Chicken Marbella Without the Chicken

The other day, I was thinking about Chicken Marbella, a dish that had a real moment in the 1980s, when it was made famous by Sheila Lukins and Julee Rosso in “The Silver Palate Cookbook.”

I imagined the main flavors of the dish — oregano and bay leaves, capers and red wine vinegar, prunes and green olives — would be so good with big, thin-skinned, very creamy beans and some crisp, roasted fingerling potatoes. All that brine and tang! All that sweetness!

It’s always a bit of fun to remake a dish you like by applying its core set of flavors to beans — beans piccata, beans alla vodka, beans caprese, etc.

Here’s a go at Beans Marbella:

Simmer dried beans with bay leaves and dried oregano until very tender. Roast a sheet pan of halved fingerling potatoes until golden brown and tender all the way through. In a skillet, sauté a few cloves of chopped garlic. As the edges of the garlic start to color, add a splash of red wine and reduce it by about half.

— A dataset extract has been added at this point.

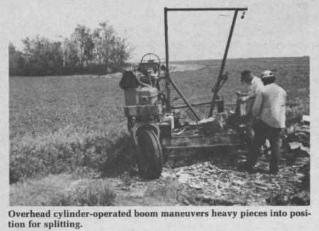 The unique splitter is not only fitted with a hydraulic wedge-type splitter, but also has a buzz-type saw powered off the engine and a hydraulically operated boom for pulling logs out of hard-to-reach spots for cutting. A trailer pulled behind the machine for hauling wood home gives Brown "the ultimate all-purpose wood handling machine."

Add the beans and just enough of the cooking liquid to cover them. Taste and season with salt and pepper, then top the beans with halved green olives, roughly chopped prunes and a glug of olive oil. Simmer on the stovetop for about 10 minutes. In a bowl, mix the roasted potatoes with a handful of torn parsley, chopped capers, shallots soaked in red wine vinegar, and olive oil, and scatter on top of the beans.

I used fingerlings because they’re at the farmers’ markets right now in Los Angeles, but I think that salad-y topping over the beans could just as easily have been made with browned summer squash, or roasted artichokes, or just some nice torn salad leaves and herbs.

If you’re drawn to all the great asparagus at the markets right now, I think Rick Martinez’s version of papadzules belongs on your to-cook list. The dish revolves around a delicious sauce that he makes in a blender by puréeing pepitas, scallions, garlic, jalapeños, cilantro and lime juice. Dip warm tortillas right into that luxuriously creamy sauce, then roll them up with seasoned boiled eggs and asparagus — it’s a simple and truly special spring dish.

If all you’re seeing is that skinny, pencil-thin asparagus, a pound of that would actually be perfect for Kay Chun’s quick black pepper stir-fried tofu. Kay suggests serving it with rice or lettuce cups, which doesn’t mean you can’t serve it with both rice and lettuce cups, a particularly satisfying combination.